- _What this task involves_: Please copy exactly the part of the records below that opens with the line containing "Das AfD-Diesel-Mobil startet" and closes with the line containing "Ingredientes: 1 kg.", leaving out any pictures.

Source records START

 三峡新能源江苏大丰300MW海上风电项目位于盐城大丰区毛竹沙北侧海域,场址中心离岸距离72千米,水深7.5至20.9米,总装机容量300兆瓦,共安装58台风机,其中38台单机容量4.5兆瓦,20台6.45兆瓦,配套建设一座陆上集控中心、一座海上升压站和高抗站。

Source records END
Source records START

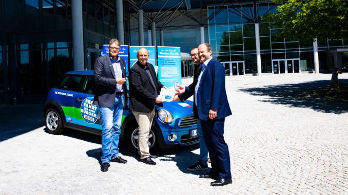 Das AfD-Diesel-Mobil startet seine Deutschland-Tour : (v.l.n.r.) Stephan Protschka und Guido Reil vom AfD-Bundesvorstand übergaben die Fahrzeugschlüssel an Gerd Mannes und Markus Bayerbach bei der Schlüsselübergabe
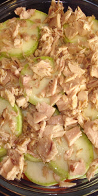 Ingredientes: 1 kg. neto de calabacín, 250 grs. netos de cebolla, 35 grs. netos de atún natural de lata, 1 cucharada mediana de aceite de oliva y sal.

Source records END

- _Exercise answer_:
 Das AfD-Diesel-Mobil startet seine Deutschland-Tour : (v.l.n.r.) Stephan Protschka und Guido Reil vom AfD-Bundesvorstand übergaben die Fahrzeugschlüssel an Gerd Mannes und Markus Bayerbach bei der Schlüsselübergabe
 Ingredientes: 1 kg. neto de calabacín, 250 grs. netos de cebolla, 35 grs. netos de atún natural de lata, 1 cucharada mediana de aceite de oliva y sal.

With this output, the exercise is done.